== Supplied records ==
——————
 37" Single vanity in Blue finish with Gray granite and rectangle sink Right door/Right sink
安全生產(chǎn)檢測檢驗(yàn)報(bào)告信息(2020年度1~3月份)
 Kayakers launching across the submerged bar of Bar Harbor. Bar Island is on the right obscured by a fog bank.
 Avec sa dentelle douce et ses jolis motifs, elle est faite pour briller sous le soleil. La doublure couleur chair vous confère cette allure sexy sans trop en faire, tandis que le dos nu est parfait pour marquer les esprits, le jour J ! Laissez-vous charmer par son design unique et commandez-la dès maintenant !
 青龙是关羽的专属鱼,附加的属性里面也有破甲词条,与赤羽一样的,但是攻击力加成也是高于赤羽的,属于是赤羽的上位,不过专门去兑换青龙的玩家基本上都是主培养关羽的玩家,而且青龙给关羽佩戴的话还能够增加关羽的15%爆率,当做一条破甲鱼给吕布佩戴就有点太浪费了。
——————
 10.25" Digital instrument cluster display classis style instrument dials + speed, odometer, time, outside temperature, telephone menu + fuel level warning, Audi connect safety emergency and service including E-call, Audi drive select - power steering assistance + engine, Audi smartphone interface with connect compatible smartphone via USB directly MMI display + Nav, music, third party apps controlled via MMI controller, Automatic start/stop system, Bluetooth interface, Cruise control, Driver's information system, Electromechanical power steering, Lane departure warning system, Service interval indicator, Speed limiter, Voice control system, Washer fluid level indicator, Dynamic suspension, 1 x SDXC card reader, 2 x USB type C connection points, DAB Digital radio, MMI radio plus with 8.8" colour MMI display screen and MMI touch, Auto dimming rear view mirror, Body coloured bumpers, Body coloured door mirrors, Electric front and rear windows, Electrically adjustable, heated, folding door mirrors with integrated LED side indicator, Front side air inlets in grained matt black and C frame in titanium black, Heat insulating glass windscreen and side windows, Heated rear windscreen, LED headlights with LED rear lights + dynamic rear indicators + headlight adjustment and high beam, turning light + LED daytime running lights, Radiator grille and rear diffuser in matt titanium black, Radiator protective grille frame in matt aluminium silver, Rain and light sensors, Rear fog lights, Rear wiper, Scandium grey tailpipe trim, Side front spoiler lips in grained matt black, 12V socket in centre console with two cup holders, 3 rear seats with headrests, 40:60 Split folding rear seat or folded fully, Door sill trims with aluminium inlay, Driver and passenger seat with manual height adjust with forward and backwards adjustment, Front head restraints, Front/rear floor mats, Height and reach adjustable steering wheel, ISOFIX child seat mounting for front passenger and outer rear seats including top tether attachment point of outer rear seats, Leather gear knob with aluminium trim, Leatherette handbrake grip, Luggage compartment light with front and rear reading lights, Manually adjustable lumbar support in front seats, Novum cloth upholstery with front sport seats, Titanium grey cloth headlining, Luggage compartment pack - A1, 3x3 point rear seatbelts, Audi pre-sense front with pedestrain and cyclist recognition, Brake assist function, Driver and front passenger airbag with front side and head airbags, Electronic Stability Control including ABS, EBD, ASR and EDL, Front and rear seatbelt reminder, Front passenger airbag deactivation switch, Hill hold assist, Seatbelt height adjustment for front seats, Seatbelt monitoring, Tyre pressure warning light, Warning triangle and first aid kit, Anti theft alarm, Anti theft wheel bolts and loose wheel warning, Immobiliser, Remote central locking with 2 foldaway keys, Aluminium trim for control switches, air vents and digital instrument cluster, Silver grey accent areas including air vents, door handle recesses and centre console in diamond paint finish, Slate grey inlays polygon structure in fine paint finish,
——————
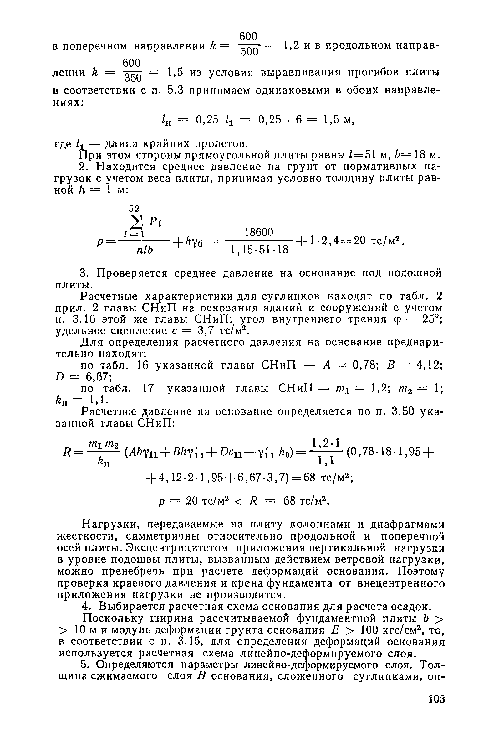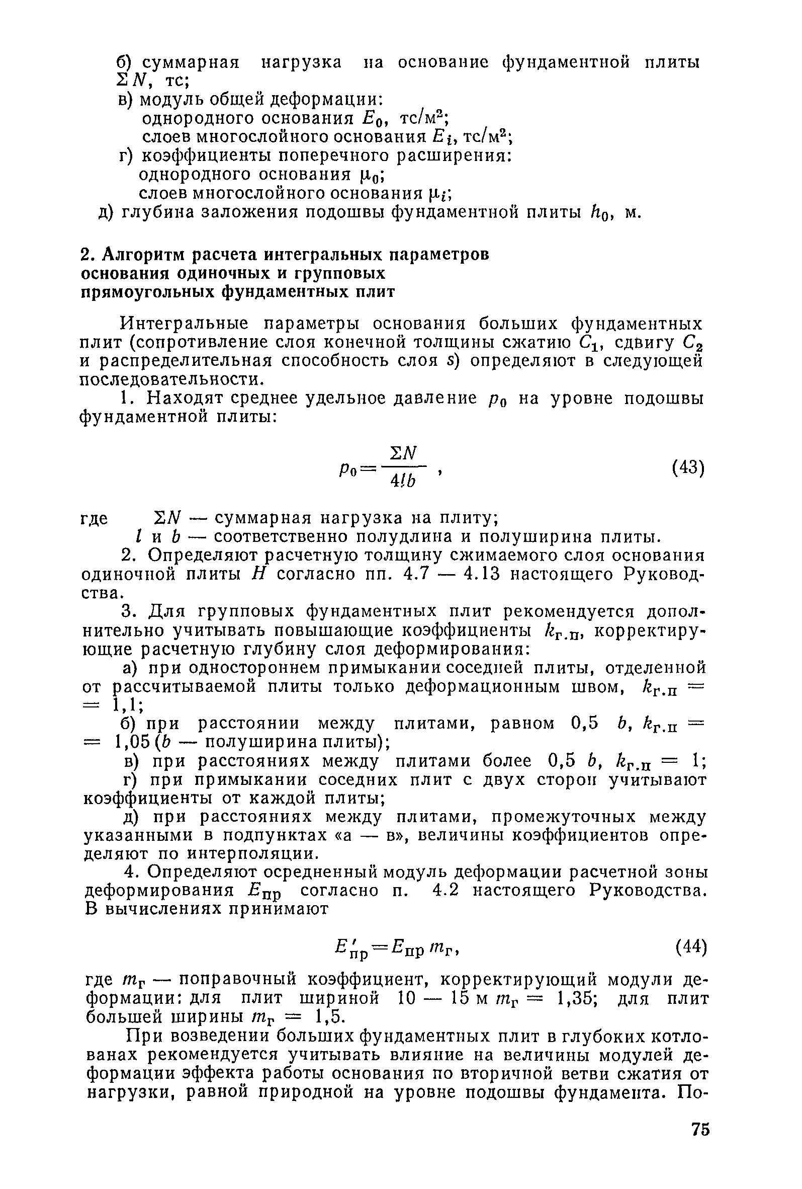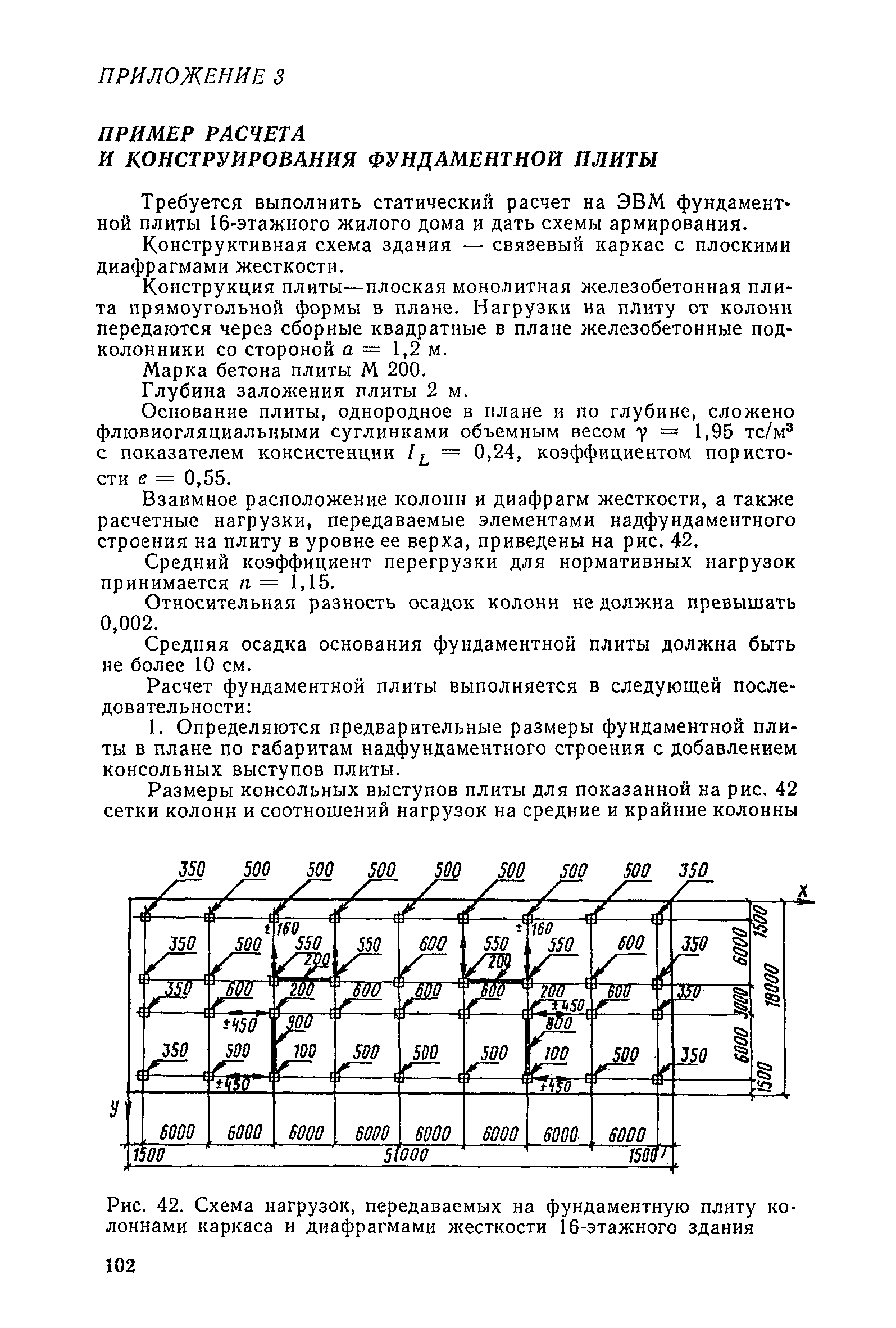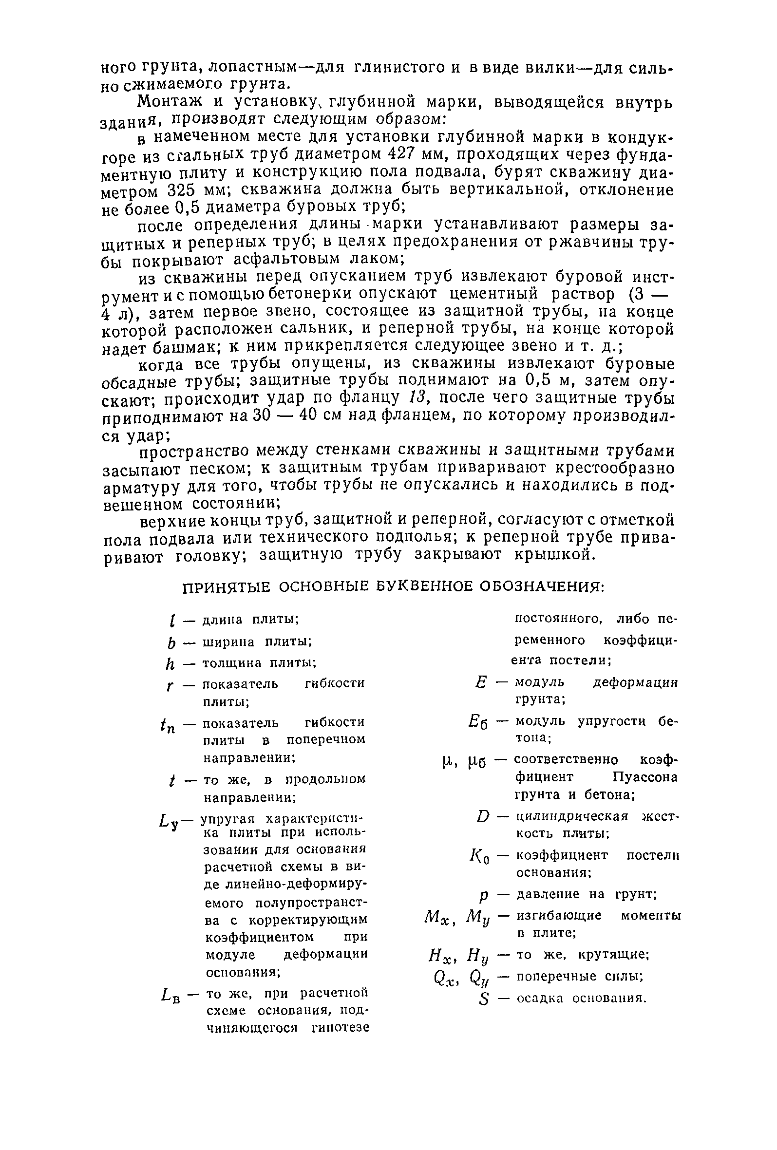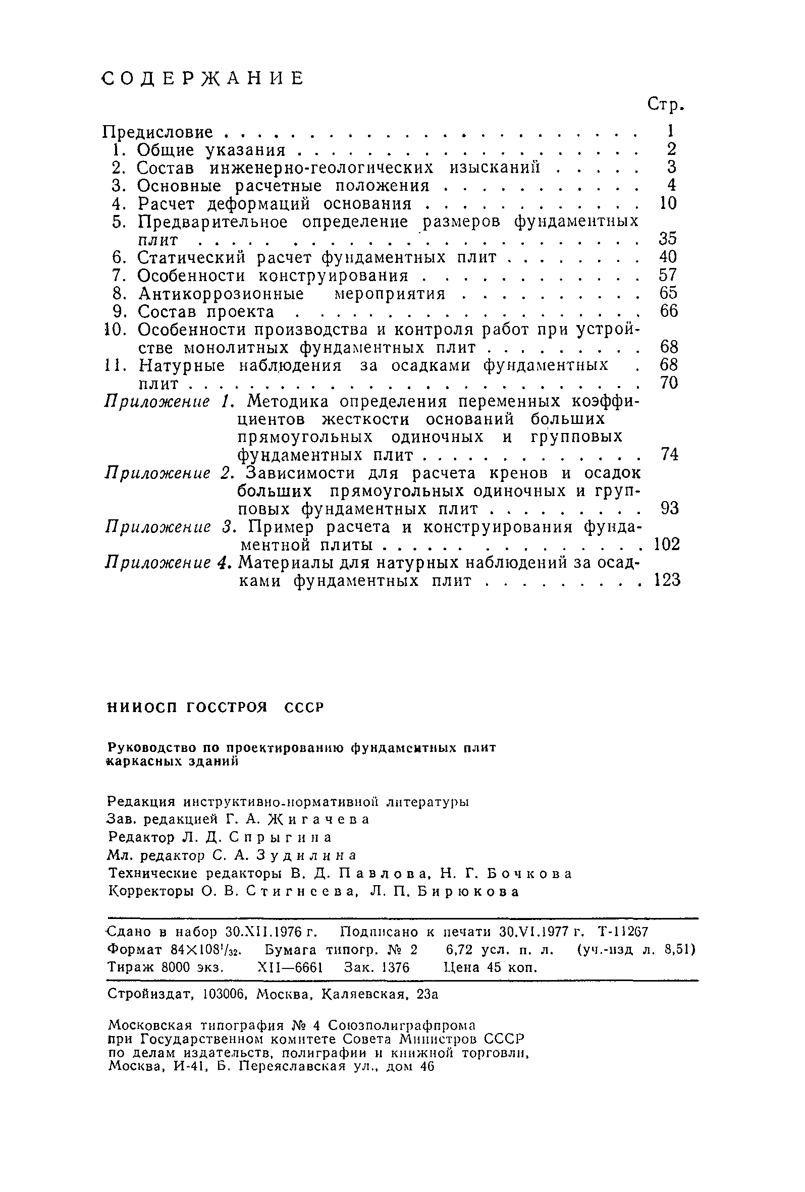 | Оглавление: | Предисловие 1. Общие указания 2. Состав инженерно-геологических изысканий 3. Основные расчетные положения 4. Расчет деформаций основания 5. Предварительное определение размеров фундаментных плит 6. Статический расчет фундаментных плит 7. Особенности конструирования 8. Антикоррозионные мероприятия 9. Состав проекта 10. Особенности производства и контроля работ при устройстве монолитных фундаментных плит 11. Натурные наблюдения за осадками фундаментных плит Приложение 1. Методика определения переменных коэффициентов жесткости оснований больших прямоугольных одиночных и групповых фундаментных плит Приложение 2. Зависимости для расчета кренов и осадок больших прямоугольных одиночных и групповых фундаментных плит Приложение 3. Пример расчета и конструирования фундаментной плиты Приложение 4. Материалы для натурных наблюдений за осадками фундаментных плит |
——————
== Task statement ==
Copy out each line of the data above, exactly, if it lies between the line holding "安全生產(chǎn)檢測檢驗" and the line holding "青龙是关羽的专属鱼,附加的属", inclusive; copy no other line.

== Result ==
安全生產(chǎn)檢測檢驗(yàn)報(bào)告信息(2020年度1~3月份)
 Kayakers launching across the submerged bar of Bar Harbor. Bar Island is on the right obscured by a fog bank.
 Avec sa dentelle douce et ses jolis motifs, elle est faite pour briller sous le soleil. La doublure couleur chair vous confère cette allure sexy sans trop en faire, tandis que le dos nu est parfait pour marquer les esprits, le jour J ! Laissez-vous charmer par son design unique et commandez-la dès maintenant !
 青龙是关羽的专属鱼,附加的属性里面也有破甲词条,与赤羽一样的,但是攻击力加成也是高于赤羽的,属于是赤羽的上位,不过专门去兑换青龙的玩家基本上都是主培养关羽的玩家,而且青龙给关羽佩戴的话还能够增加关羽的15%爆率,当做一条破甲鱼给吕布佩戴就有点太浪费了。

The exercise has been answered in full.